Corporate profits in the United States reached record levels in the first quarter of 2026, with net profit margins hitting 15%, the highest since data tracking began in 2009, according to FactSet. This surge has bolstered investor confidence in the equity market despite elevated stock valuations.

The net profit margin, which measures the profit generated from every dollar of revenue, rose sharply from 13.2% in the previous quarter. Growth extended beyond the technology sector, with financial services and industrial companies also reporting margins above their five-year averages. Excluding technology, the S&P 500’s net profit margin stood at 12% for the period.

Analysts attribute this strength to improved productivity across sectors, partly driven by advances in artificial intelligence and other emerging technologies. “This is a productivity-driven environment, much like the ’90s were,” said Nancy Tengler, CEO of Laffer Tengler Investments.
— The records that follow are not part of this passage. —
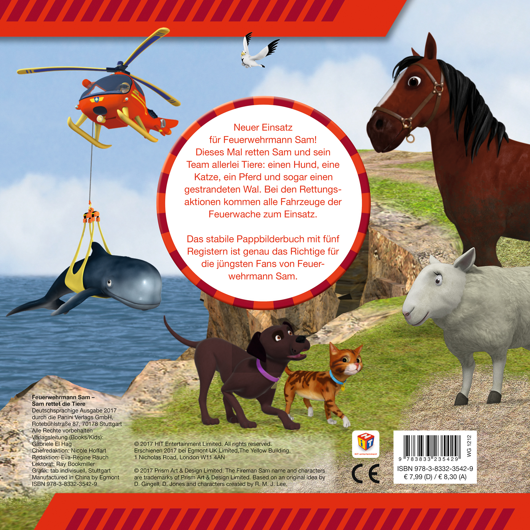 Neuer Einsatz für Feuerwehrmann Sam! Dieses Mal retten Sam und sein Team allerlei Tiere: einen Hund, eine Katze, ein Pferd und sogar einen gestrandeten Wal. Bei den Rettungsaktionen kommen alle Fahrzeuge der Feuerwache zum Einsatz.Das stabile Pappbilderbuch mit fünf Registern ist genau das Richtige für die jüngsten Fans von Feuerwehrmann Sam.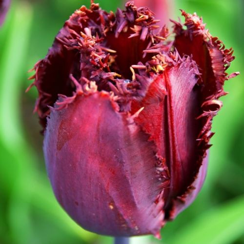Величний тюльпан із групи Бахромчатих під назвою "Black Jawel" полонить своєю красою. Цей тюльпан надзвичайно рідкісного, бордово-чорного кольору з жовтою, голчастою бахромою припаде до смаку лише справжнім поціновувачам та колекціонерам. Починає своє цвітіння наприкінці весни і радуватиме вас близько 2 тижнів. Тюльпани сорту Black Jawel допоможуть створити неповторний, вишуканий ландшафтний дизайн. Для зростання та активного цвітіння потрібен нейтральний або вапняно-кислий грунт.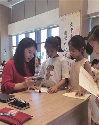 8月17日上午,浙江文学馆迎来一场别开生面的诗词讲座。在四楼的智慧大讲堂里,从小在西湖边长大的知名女诗人、作家卢文丽现身讲台,为浙江文学院(浙江文学馆)的小学员们带来一堂题为《花开四季:跟着诗词游西湖》的精彩课程。来自杭州市各小学的学生们沉浸其中,不时被卢老师生动幽默的讲解逗笑。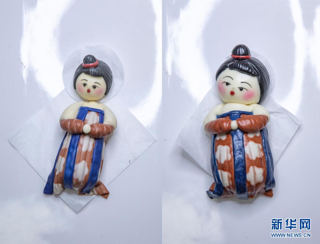 这是4月13日在重庆市渝北区欧阳勤芸工作室内拍摄的制作完成还未蒸制(左图)和蒸好后(右图)的唐俑造型馒头(拼版照片)。新华社记者 黄伟 摄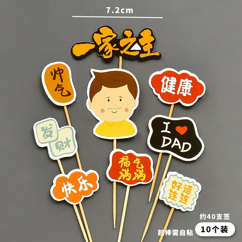 淘网红爸爸一家之主蛋糕装饰插牌富豪男神老爸生日快乐插件甜品台

Within the technology sector, companies such as Nvidia and Micron Technology have significantly contributed to margin expansion. However, the AI space presents a mixed picture: chip makers and infrastructure providers are gaining robust profits, while some hyperscale cloud operators face margin pressure due to heavy capital expenditures.

Overall, earnings growth for S&P 500 companies soared by 29% in the first quarter, marking the fastest pace since late 2021. Expectations for the second quarter remain optimistic, with analysts projecting a net profit margin of approximately 14%. This would still surpass both the prior year’s 13% margin and the five-year average of 12%, though it would fall short of the first quarter’s record.
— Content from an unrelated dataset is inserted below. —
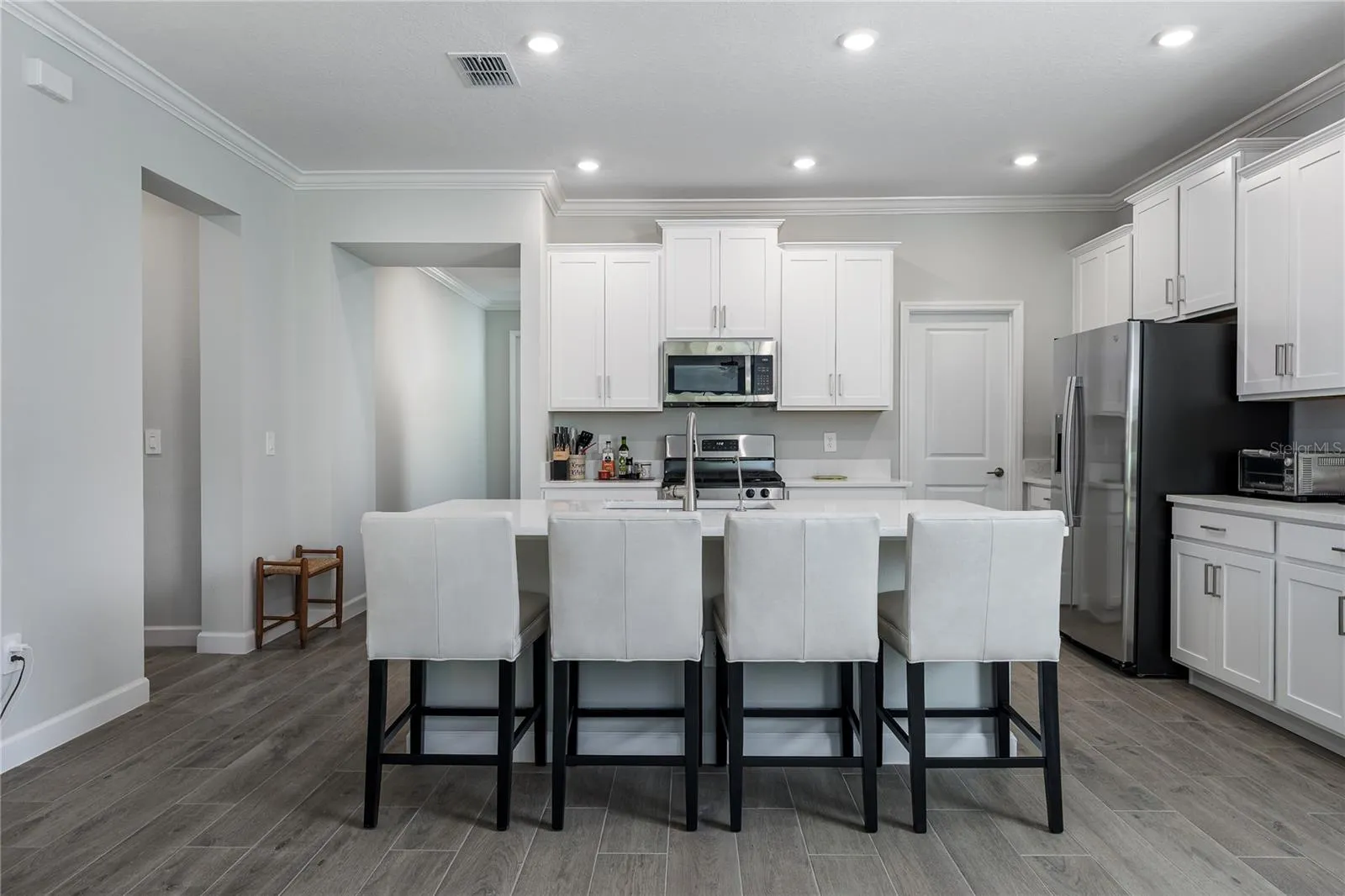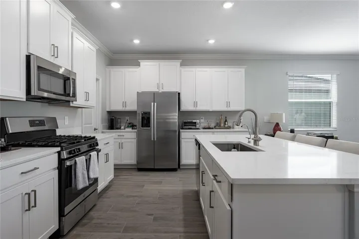 Experience resort-style living in this spacious single-story home located in the vibrant Prosperity Lakes Active Adult Manors community. This well-designed floorplan features an open layout with a versatile flex room and additional storage. The kitchen showcases elegant Shaker-style cabinetry, quartz countertops, stainless steel appliances, and a large center island that flows seamlessly into the dining and family areas—perfect for entertaining. The owner’s suite offers a spa-inspired bathroom with dual sinks, quartz countertops, a glass-enclosed shower, and a generous walk-in closet. Two additional bedrooms provide comfortable space for guests or hobbies. Residents of Prosperity Lakes enjoy an impressive amenity center featuring a clubhouse, resort-style swimming pool, pickleball courts, full-time activities director, fitness center with group classes, outdoor yoga area, and even an on-site restaurant/bar area. Conveniently located near the Little Manatee River, golf courses, shopping, dining, and major highways, this community offers easy access to Tampa Bay, Bradenton, Sarasota, and St. Petersburg.

Some companies have raised prices to counter rising input costs. For example, Apple’s CEO Tim Cook noted that price increases in its products have helped offset higher expenses for memory and storage components.

Concerns persist regarding the durability of these profit margins. The concentration of growth in the technology sector means that any shifts in pricing power or demand could lead to rapid earnings declines. OpenAI, for instance, is reportedly considering cutting prices to compete with rival Anthropic, potentially impacting margins within the AI industry.
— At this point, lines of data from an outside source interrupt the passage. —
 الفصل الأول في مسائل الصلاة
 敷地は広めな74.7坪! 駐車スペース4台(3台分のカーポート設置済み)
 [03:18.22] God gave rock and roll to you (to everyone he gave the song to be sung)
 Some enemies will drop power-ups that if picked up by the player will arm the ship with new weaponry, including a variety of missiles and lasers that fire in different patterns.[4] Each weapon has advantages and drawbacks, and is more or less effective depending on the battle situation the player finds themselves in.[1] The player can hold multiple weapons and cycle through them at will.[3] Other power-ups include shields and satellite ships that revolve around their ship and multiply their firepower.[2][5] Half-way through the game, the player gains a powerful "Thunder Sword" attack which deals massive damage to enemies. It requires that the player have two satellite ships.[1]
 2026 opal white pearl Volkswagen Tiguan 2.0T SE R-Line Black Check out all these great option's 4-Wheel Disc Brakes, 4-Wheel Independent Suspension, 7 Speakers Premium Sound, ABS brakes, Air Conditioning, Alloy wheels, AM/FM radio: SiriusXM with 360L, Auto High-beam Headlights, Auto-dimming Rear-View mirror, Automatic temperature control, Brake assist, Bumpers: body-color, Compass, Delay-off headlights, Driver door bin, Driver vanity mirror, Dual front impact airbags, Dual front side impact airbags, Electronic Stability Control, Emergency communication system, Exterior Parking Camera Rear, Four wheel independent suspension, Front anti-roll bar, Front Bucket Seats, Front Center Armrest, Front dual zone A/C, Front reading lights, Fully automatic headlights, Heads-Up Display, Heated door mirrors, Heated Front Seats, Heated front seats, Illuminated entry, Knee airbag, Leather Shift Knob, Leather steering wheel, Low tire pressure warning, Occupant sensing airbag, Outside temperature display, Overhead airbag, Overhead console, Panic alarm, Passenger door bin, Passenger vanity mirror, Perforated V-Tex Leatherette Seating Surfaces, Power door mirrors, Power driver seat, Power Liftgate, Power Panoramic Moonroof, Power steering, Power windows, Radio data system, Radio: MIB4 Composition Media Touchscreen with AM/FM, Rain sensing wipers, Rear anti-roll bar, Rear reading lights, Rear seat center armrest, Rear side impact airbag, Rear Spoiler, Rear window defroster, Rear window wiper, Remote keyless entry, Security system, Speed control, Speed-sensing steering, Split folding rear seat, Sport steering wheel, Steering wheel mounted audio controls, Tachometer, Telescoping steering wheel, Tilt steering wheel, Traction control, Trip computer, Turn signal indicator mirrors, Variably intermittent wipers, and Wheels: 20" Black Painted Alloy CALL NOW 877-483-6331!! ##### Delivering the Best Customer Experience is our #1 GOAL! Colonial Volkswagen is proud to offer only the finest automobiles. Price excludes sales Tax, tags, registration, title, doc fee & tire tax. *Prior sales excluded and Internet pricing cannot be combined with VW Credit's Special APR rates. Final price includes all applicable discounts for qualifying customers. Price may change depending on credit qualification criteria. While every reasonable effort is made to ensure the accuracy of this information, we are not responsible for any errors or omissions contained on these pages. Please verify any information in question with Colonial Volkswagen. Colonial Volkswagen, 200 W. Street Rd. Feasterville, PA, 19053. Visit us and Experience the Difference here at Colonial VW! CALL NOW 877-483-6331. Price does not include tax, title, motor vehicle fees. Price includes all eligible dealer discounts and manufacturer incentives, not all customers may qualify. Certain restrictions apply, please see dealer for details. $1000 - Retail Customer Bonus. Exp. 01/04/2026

Matt Miskin, co-chief investment strategist at Manulife John Hancock Investments, warned that changes in semiconductor demand or pricing dynamics could cause significant reversals in profitability.

Despite strong earnings, stock valuations remain elevated, with the S&P 500 trading at around 20 times projected earnings for the next 12 months, above the decade-long average of 19. Additional pressure on margins could come from tightening financial conditions and rising borrowing costs as the Federal Reserve signals possible interest rate increases to maintain inflation control under new Chairman Kevin Warsh.